Please return the lines below verbatim, beginning at the one that has "vhodná pro malé" and stopping after the one that has "- 2025/2/15 第10回チャリティーウォークソン – 2月15日(土)開催予定", and add no other lines.

EXERCISE INPUT:
○ ○ ○ ○ ○ ○ ○
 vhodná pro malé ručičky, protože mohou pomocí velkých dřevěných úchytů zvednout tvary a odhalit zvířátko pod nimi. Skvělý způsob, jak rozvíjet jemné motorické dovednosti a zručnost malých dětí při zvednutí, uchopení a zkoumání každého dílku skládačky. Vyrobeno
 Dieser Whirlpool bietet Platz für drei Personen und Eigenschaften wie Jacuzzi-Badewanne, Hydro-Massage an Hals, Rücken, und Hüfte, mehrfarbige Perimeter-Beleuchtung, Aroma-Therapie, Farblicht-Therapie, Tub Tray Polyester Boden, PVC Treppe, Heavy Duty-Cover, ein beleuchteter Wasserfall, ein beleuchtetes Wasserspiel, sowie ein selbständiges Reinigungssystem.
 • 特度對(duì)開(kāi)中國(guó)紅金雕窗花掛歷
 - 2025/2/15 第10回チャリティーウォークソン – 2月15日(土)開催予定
○ ○ ○ ○ ○ ○ ○
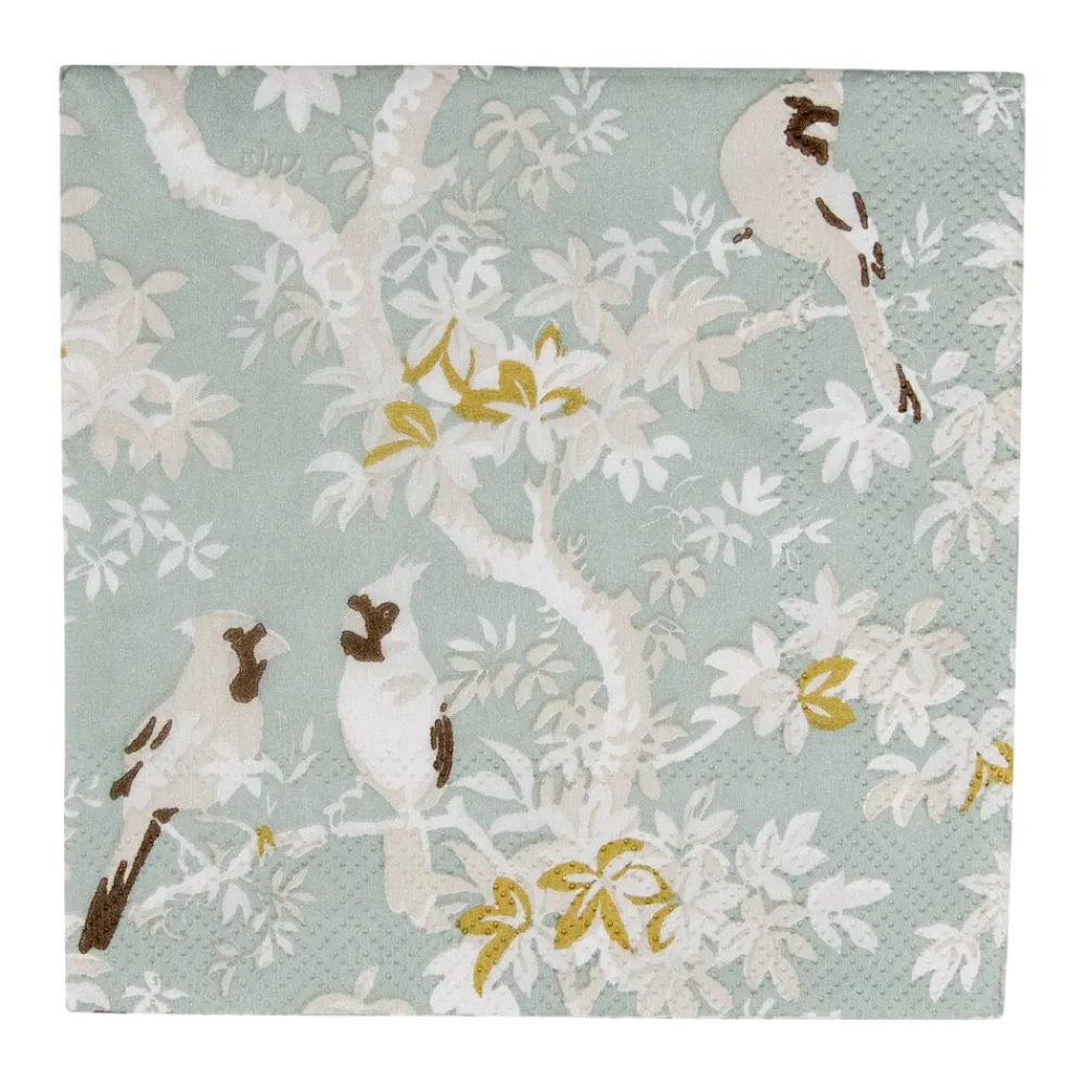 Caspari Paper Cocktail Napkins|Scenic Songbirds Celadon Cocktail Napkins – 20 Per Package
○ ○ ○ ○ ○ ○ ○
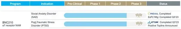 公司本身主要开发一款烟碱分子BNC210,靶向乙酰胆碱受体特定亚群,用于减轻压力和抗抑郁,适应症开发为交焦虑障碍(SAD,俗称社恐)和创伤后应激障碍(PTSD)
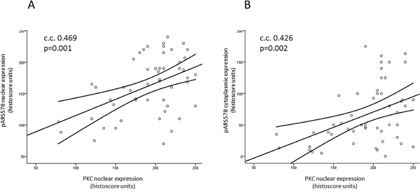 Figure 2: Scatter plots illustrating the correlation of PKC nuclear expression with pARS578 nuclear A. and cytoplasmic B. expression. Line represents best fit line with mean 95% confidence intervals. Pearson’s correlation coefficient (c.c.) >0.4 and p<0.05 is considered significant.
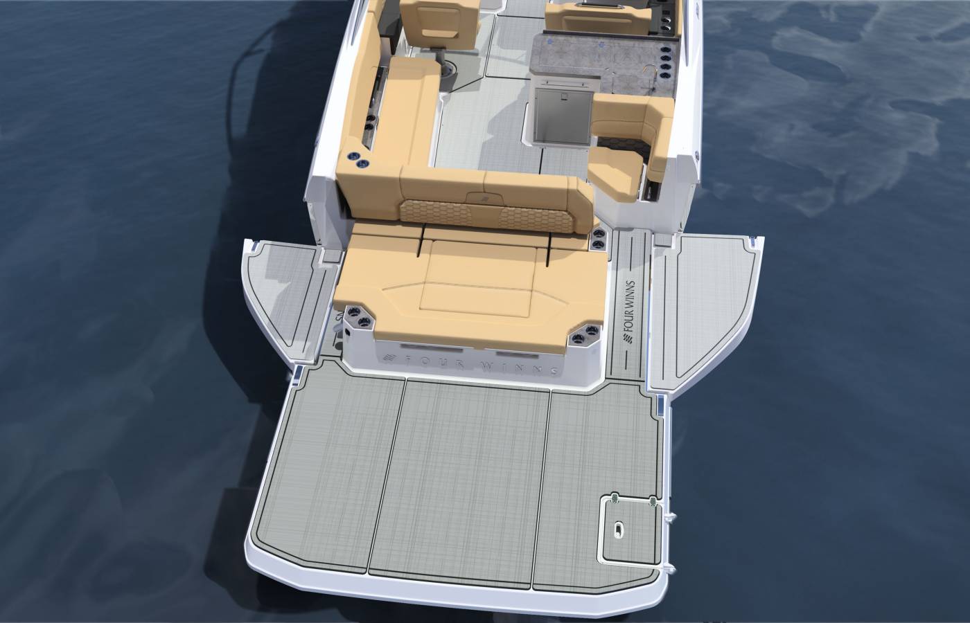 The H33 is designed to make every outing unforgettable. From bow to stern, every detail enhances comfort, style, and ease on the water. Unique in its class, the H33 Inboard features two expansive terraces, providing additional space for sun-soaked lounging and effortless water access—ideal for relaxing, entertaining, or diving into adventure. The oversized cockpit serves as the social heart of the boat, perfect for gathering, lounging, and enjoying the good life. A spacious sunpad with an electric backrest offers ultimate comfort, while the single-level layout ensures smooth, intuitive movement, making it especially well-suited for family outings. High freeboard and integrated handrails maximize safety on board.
○ ○ ○ ○ ○ ○ ○
RESULT OF THE TASK:
 vhodná pro malé ručičky, protože mohou pomocí velkých dřevěných úchytů zvednout tvary a odhalit zvířátko pod nimi. Skvělý způsob, jak rozvíjet jemné motorické dovednosti a zručnost malých dětí při zvednutí, uchopení a zkoumání každého dílku skládačky. Vyrobeno
 Dieser Whirlpool bietet Platz für drei Personen und Eigenschaften wie Jacuzzi-Badewanne, Hydro-Massage an Hals, Rücken, und Hüfte, mehrfarbige Perimeter-Beleuchtung, Aroma-Therapie, Farblicht-Therapie, Tub Tray Polyester Boden, PVC Treppe, Heavy Duty-Cover, ein beleuchteter Wasserfall, ein beleuchtetes Wasserspiel, sowie ein selbständiges Reinigungssystem.
 • 特度對(duì)開(kāi)中國(guó)紅金雕窗花掛歷
 - 2025/2/15 第10回チャリティーウォークソン – 2月15日(土)開催予定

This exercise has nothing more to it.